Well that's a relief. He's sold what's left of his soul just to get this far, but just the fact that such a thing is even remotely possible just angers us all further, not to mention Fergie picking up his 22nd Manager of the Month trophy.

They tussle with West Ham tomorrow, and I'll be praying that Mr. Carlton Cole, aka Can't Control, can dent their juggernaut. Oh, and there's a North London derby or something. I believe preparations are being made for a liveblog there, courtesy of our resident heroin-loving Spurs fan (he's not addicted, but it does take the edge off the fact that Spurs have spent untold millions basically reassembling the squad that failed miserably under both Ramos and the final days of Martin Jol).

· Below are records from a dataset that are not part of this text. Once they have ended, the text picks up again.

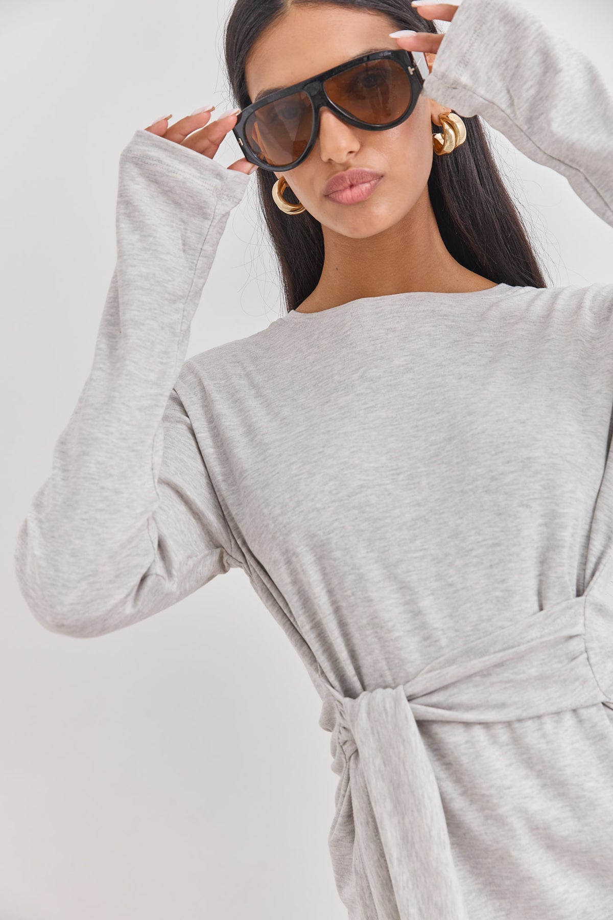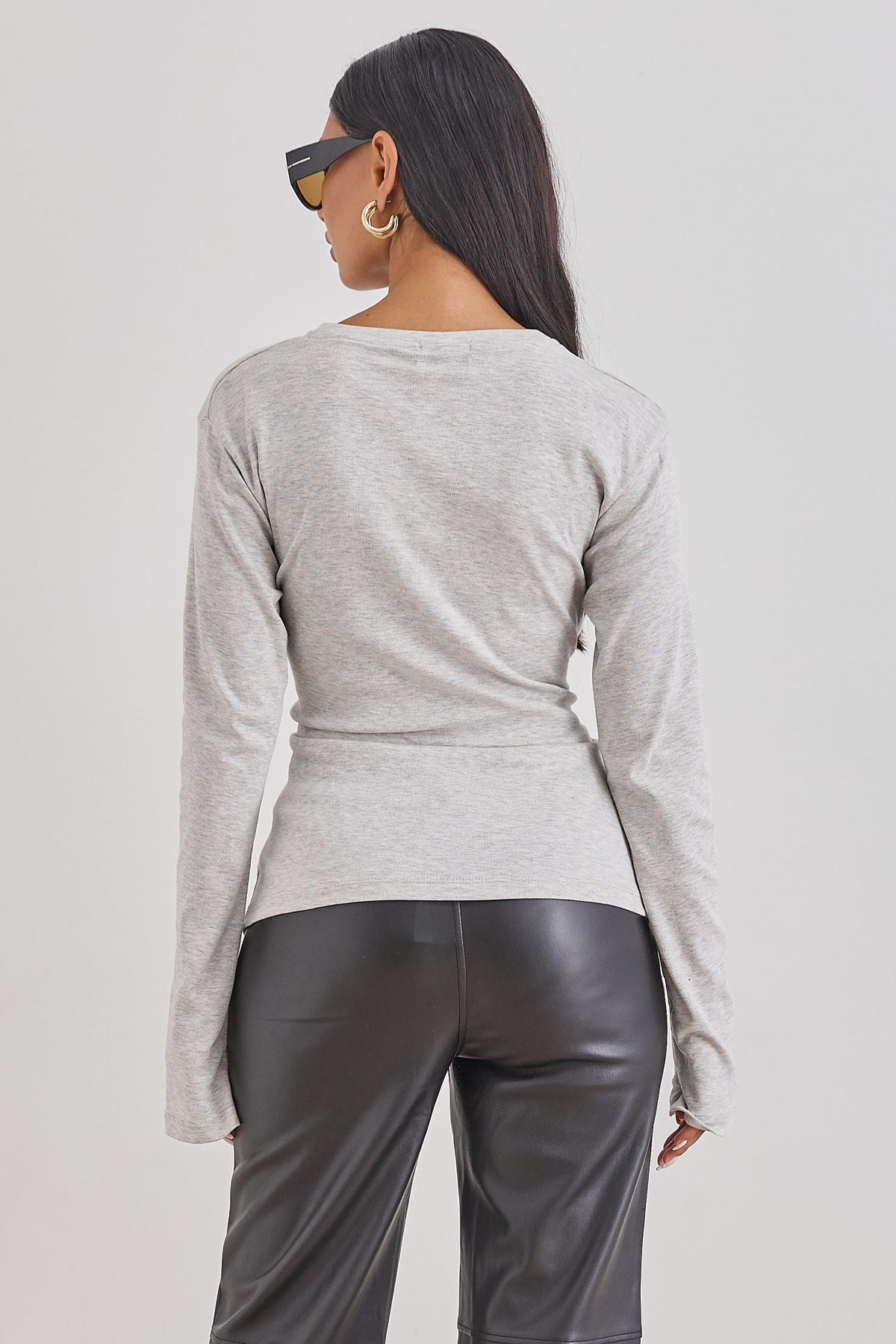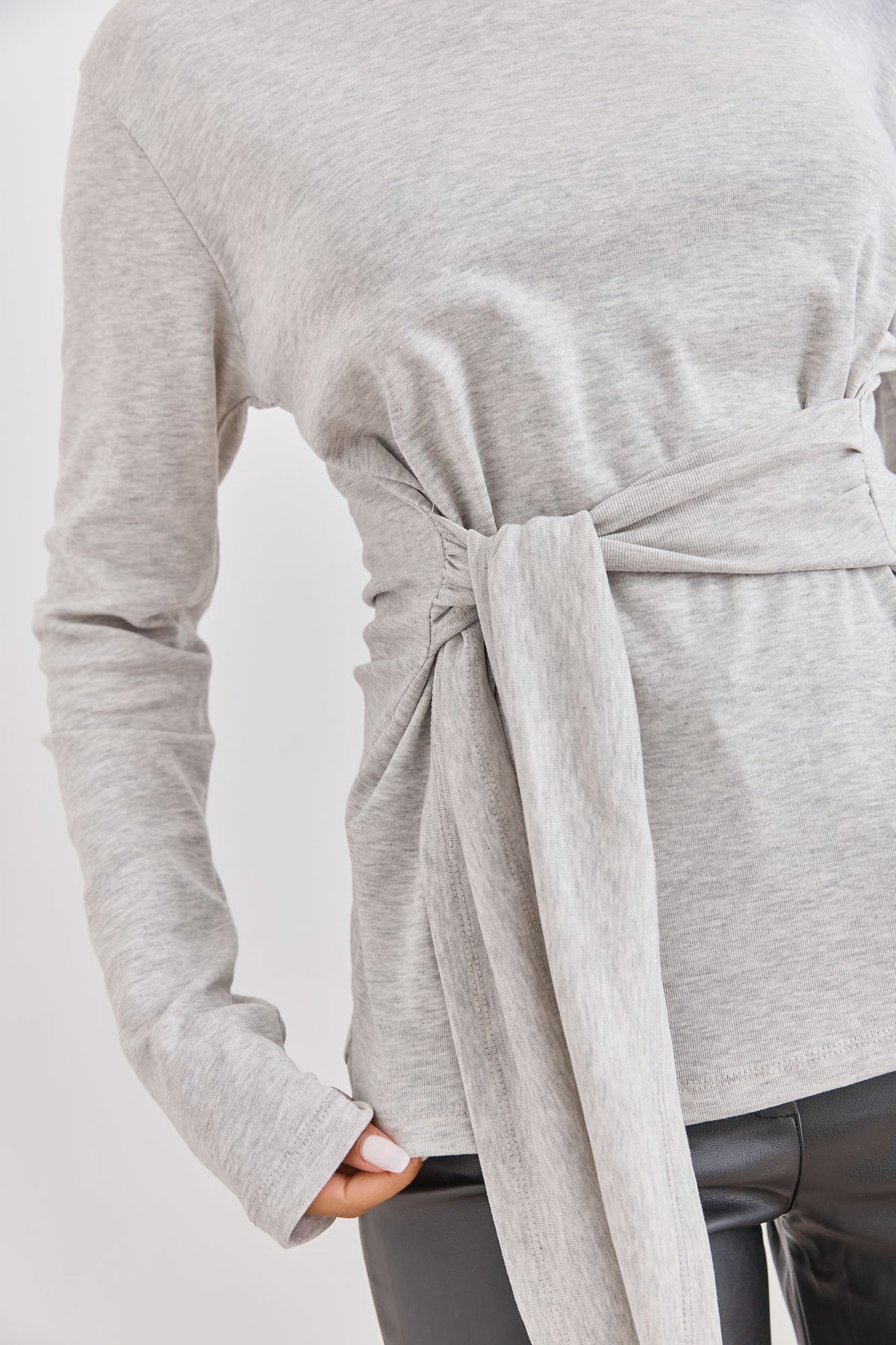 חולצה עם שרוולים ארוכים בשילוב רצועות קשירה שניתן לקשור במגוון דרכים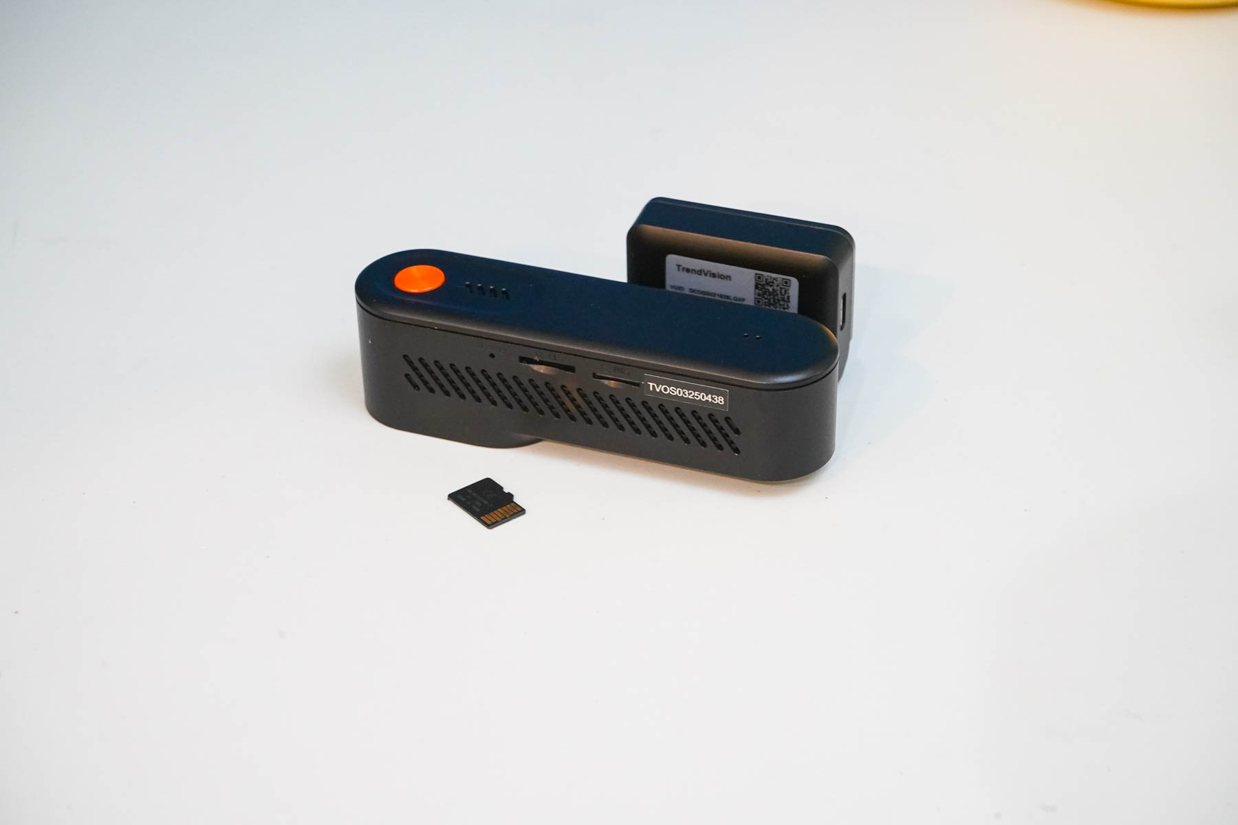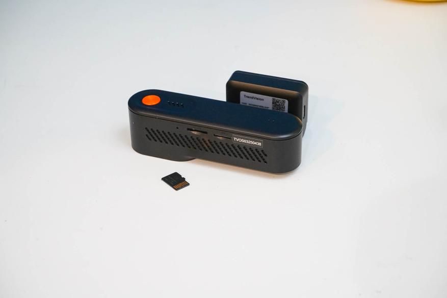 Для корректной работы видеорегистратора потребуется nano-sim карточка, а также карта памяти для хранения роликов (формат MicroSD или MicroSDXC). Оба слота рядом, установка карт не сложная — указана ориентация карточек. Также обращаю внимание, что в основании кронштейна размещает QR код (уникальный номер устройства), который потребуется для подключения к приложению.
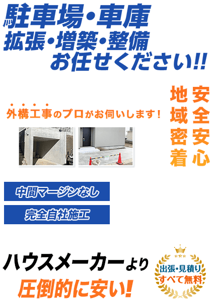駐車場やルーフ新設・増設・拡張は 駐車場やルーフ新設・増設・拡張は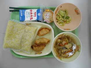 12/02![]() (中華麺 五目ラーメンのつゆ) ・牛乳 ・揚げぎょうざ ・キャベツのカラフル和え ・お米のタルト |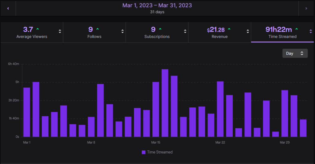 By the end of March, I had gained about 20% more followers, my second biggest follower count jump after my affiliate drive in the fall, increased my average viewership by 33%, and had higher peak viewer concurrency than any other time before. I had more subscription revenue for the month by a factor of like 3x, and I think it helped the soft skills part of streaming a lot – I was talking with more focus, less droning explanations, and was learning when I could lay out. I played games with text box dialogue I had to read and did voice changes for most (I wouldn’t say they were good voices, but I tried), and the overall results were very positive.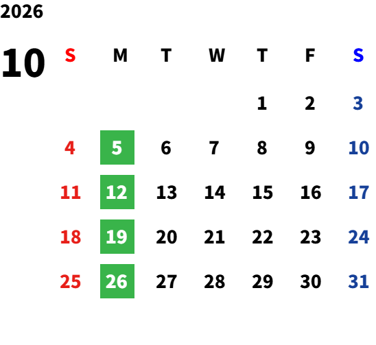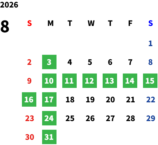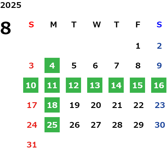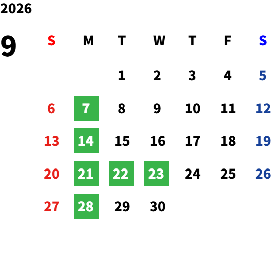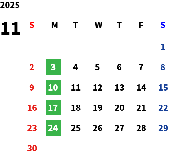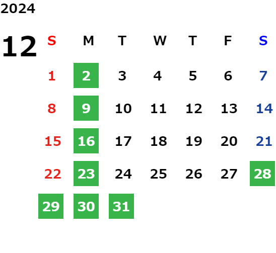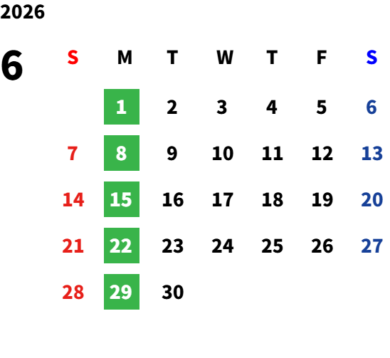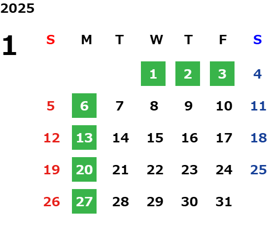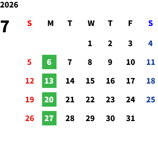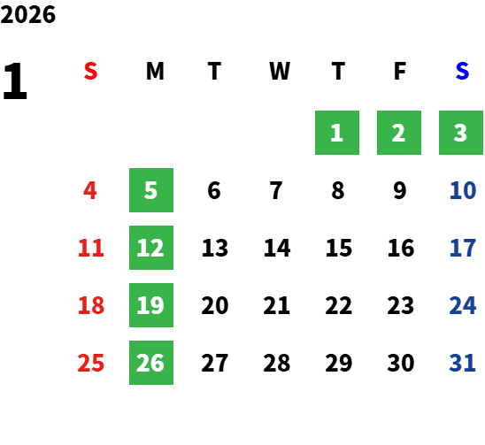 毎週月曜日(一部祝日営業日あり)詳しくは営業日カレンダーをご確認ください。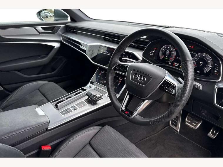 Audi connect safety and service (e-call), Audi connect with Amazon Alexa Integration, Audi drive select, Audi parking system plus - acoustic and visual park assist system for front and rear, Audi virtual cockpit, Automatic start/stop system with coasting functionality, Bluetooth interface, Camera based traffic sign recognition, Lane departure warning system, MMI navigation plus with 10.1" and 8.6" touch screens, Power operated tailgate, Progressive steering, Rear view camera, Service interval indicator, Smartphone interface includes wireless Apple carplay/Android Auto, Voice control system, Sports suspension, Audi front music interface, Audi sound system, Auxiliary input socket, DAB Digital radio, USB connection, Aluminium roof rails, Body colour rear roof spoiler, Body coloured door mirrors, Electric front/rear windows, Electrically adjustable heated and folding + automatically dimming exterior mirrors with memory function, Frameless auto dimming interior rear view mirror, Front intermittent wipers, Heat insulating darkened glass in side and rear windows, Heat insulating glass in windshield, LED rear lights with dynamic indicators, LED signature front daytime running light, LED third brake light, Matrix LED headlights, Matt black rear diffuser with diffuser strip and tailpipes in chrome, Matt black side air intake grille with inlay in matt aluminium, Privacy glass, Radiator grille in anthracite black matt, single frame in chrome and horizontal struts in matt aluminium silver, Rain and light sensors, Rear side wing doors, Rear wiper, 2 zone deluxe electronic climate control, 3 spoke high multi-function perforated leather steering wheel with contrast stitching and shift paddles, 40/20/40 split folding 3 rear seat bench in 3 parts with rear centre armrest, Audi phone box light, Black cloth headlining, Electrically adjustable front seats including seat height, fore/aft position, backrest angle and 4-way lumbar with memory for driver's seat, Front and rear floor mats, Front centre armrest, Front head restraints, Heated front seats, Height/reach adjust steering wheel, Illuminated door sill trims with S logo, Illuminated sun visors with vanity mirrors, Leather gear knob, Luggage compartment system, Rear headrests, Single front passenger seat, Stainless steel pedals and foot rest, Tool kit and car jack, LED Interior Ambient Lighting Pack - A6, Non smoking pack - A6, S line exterior style pack - A6, 3 point seatbelts on all seats, Airbags - Front side, front and rear including head, Audi pre-sense front, EBD - Electronic brakeforce distribution, Electromechanical parking brake, Electronic Stability Control (ESC) including ABS, ASR and EDL, Extended pedestrian protection measures, ISOFIX child seat mounting for front passenger seat and ISOFIX child seat mounting with Top Tether for outer rear seats, Manual child proof rear door locks, Seatbelt monitoring, Tyre pressure warning light, Warning triangle and first aid kit, Anti theft alarm with tow away protection, Anti-theft wheel bolts and wheel loosening detection, Immobiliser, Keyless Go, Remote central locking, Matt brushed aluminium inlays,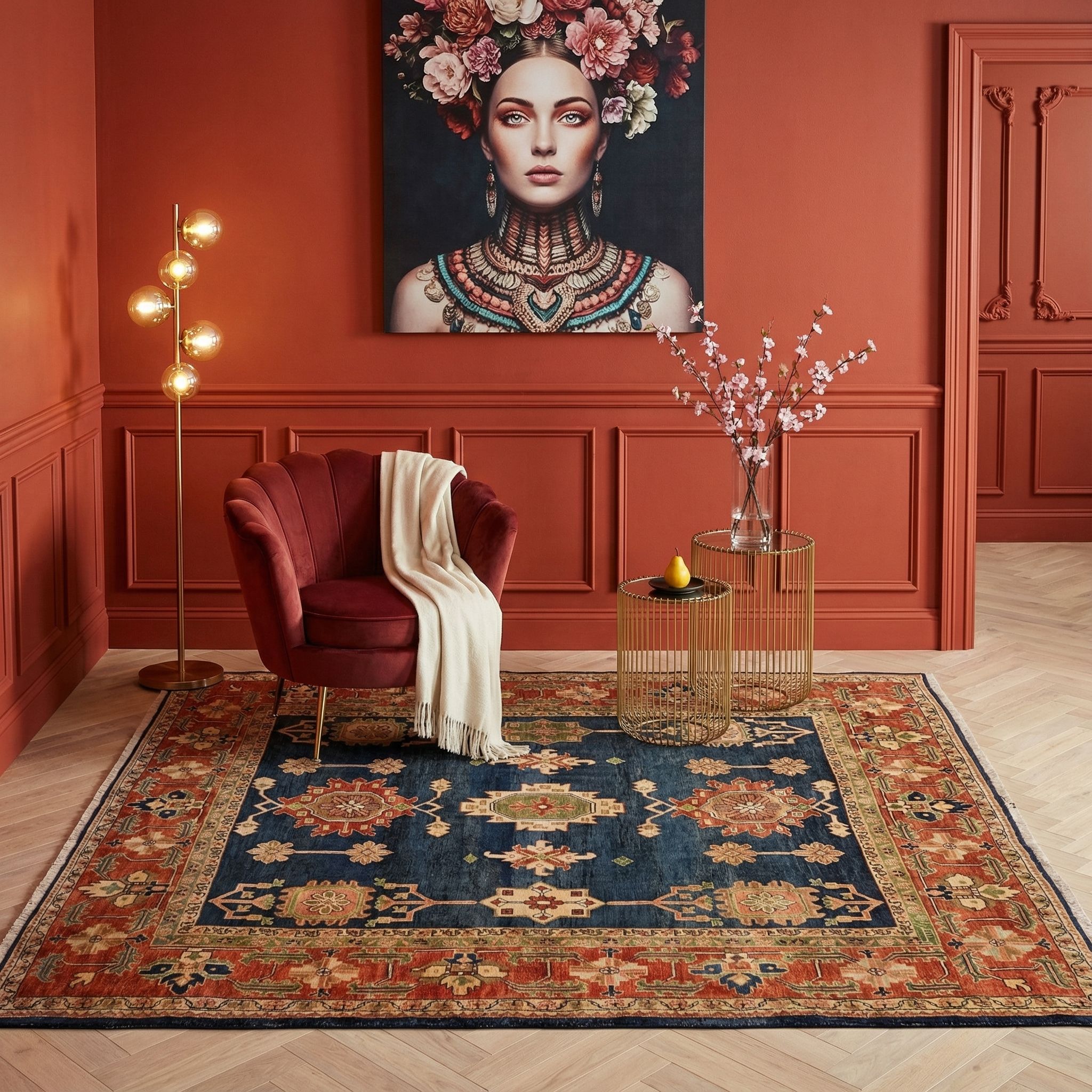 Dieser Teppich ist wie geschaffen für den Ethno-Style, da er mit seinen traditionellen Heriz- und Bachshayesch-Mustern und der Herkunft aus einem nordpersischen Dorf pure kulturelle Authentizität ausstrahlt. Die Verwendung von handversponnener Schafwolle und Naturfarben unterstreicht die Verbundenheit zur Natur und zum traditionellen Handwerk, was den Kern dieses Einrichtungsstils bildet. Die warmen Terrakotta- und tiefen Blautöne harmonieren perfekt mit Möbeln aus dunklem Holz, Rattan oder Leder und bringen die Weltläufigkeit des Ethno-Looks auf den Punkt. Als echtes Unikat erzählt der Teppich eine Geschichte von ferner Handwerkskunst und verleiht dem Raum eine beseelte, globetrotter-artige Atmosphäre.
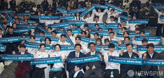 [서울=뉴스핌] 류기찬 기자 = 최휘영 문화체육관광부 장관, 유승민 대한체육회장 등 선수단들이 22일 오후 서울 송파구 올림픽파크텔에서 열린 '2026 밀라노 동계올림픽 선수단 결단식'에서 기념촬영을 하고 있다. 2026.01.22 ryuchan0925@newspim.com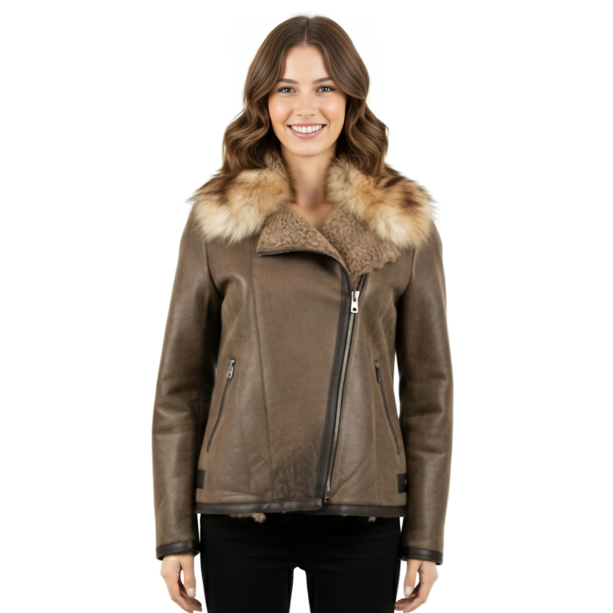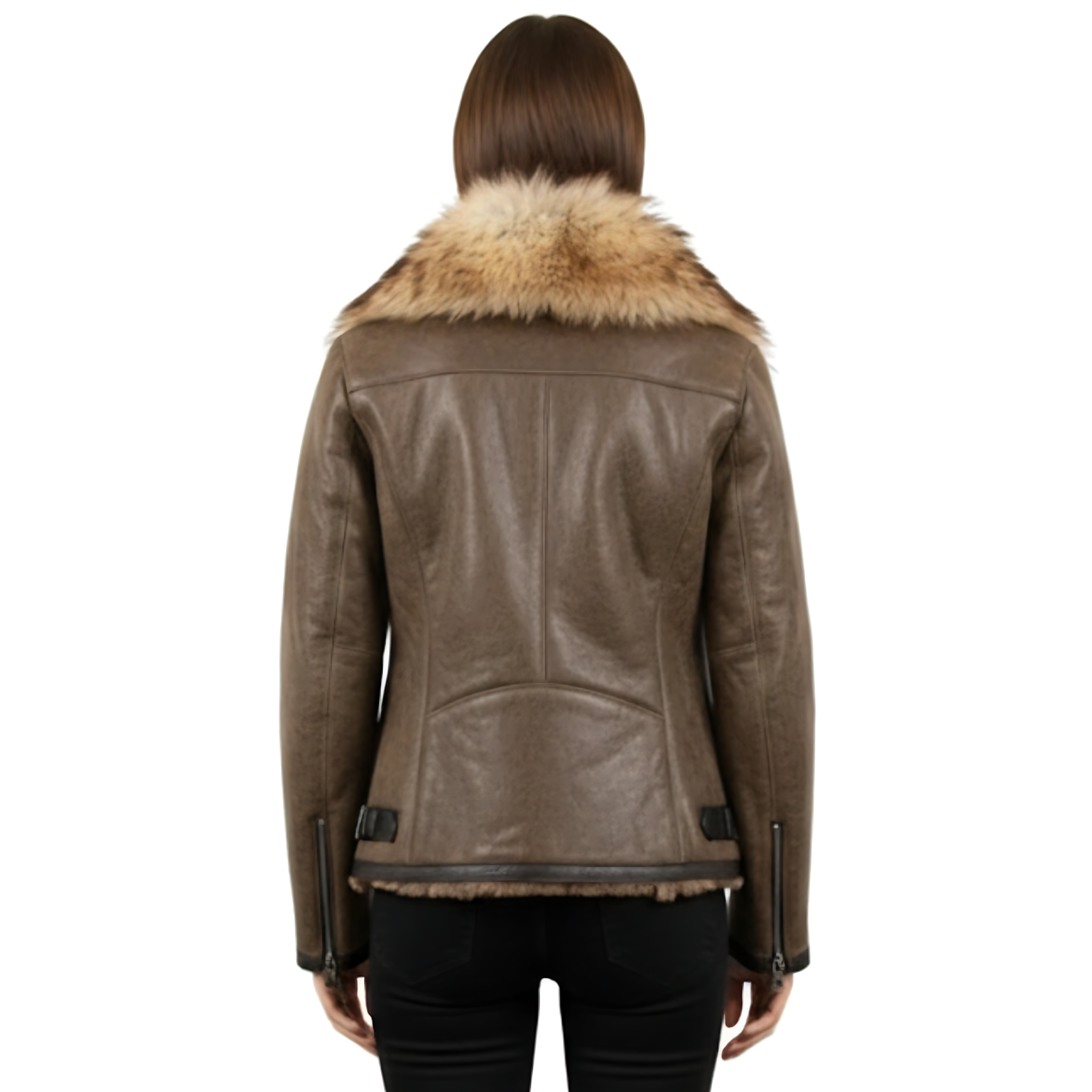 Short Coffee Sheepskin with White Amber Fur

But enough about tomorrows! Today, it's all about watching Liverpool, Spartak and Villa struggle, and if you're up early enough (I wrote this ahead of time under the assumption I'd still be dead to the world at 7am), you might get to enjoy Citeh sabotaging themselves again. Robinho alone doth not a Champions League berth make, apparently.

Fixtures and dreadful predictions after the jump. Pray for Rafa's mental health, won't you?

7.45am kick-off
Manchester Citeh v. Middlesbrough
They can't mess this one up, can they? Citeh 2-1.

10am kick-offs:
Blackburn v. Aston Villa
The own goal has been kind to Martin O'Neill over the last month. Not today! 1-1.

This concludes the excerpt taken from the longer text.